Today I found this wonderful example to illustrate Strunk & White’s Rule 22, which I will teach tomorrow:
In the midst of the grove was a fine lawn, sloping down towards the house, near the summit of which rose a plentiful spring, gushing out of a rock covered with firs, and forming a constant cascade of about thirty feet, not carried down a regular flight of steps, but tumbling in a natural fall over the broken and mossy stones till it came to the bottom of the rock, then running off in a pebly channel, that with many lesser falls winded along, till it fell into a lake at the foot of the hill, about a quarter of a mile below the house on the south side, and which was seen from every room in the front.
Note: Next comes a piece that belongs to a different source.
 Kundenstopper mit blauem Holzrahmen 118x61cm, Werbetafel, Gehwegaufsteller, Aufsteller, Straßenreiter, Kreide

Out of this lake, which filled the center of a beautiful plain, embellished with groups of beechs and elms, and fed with sheep, issued a river, that for several miles was seen to meander through an amazing variety of meadows and woods till it emptied itself into the sea, with a large arm of which, and an island beyond it, the prospect was closed.
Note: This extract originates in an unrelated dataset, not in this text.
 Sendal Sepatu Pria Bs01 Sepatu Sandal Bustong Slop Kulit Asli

–Henry Fielding, Tom Jones (1749)
(no this is not a scene from Downton Abbey)
I had a few observations on how this paragraph depicts, like a landscape painting, the scene it represents, presenting to the eyes no less with the sound, arrangement and composition of its words themselves than by their significations, the experience itself, so that it becomes, nearly, like a sacramentum, both a symbol and the reality it represents, like art that is true, in fact; but if this is true then anything I say about it is an unimportant parergon.
Thanks, dear reader, should you ever find me, for learning to enjoy the good Cognac.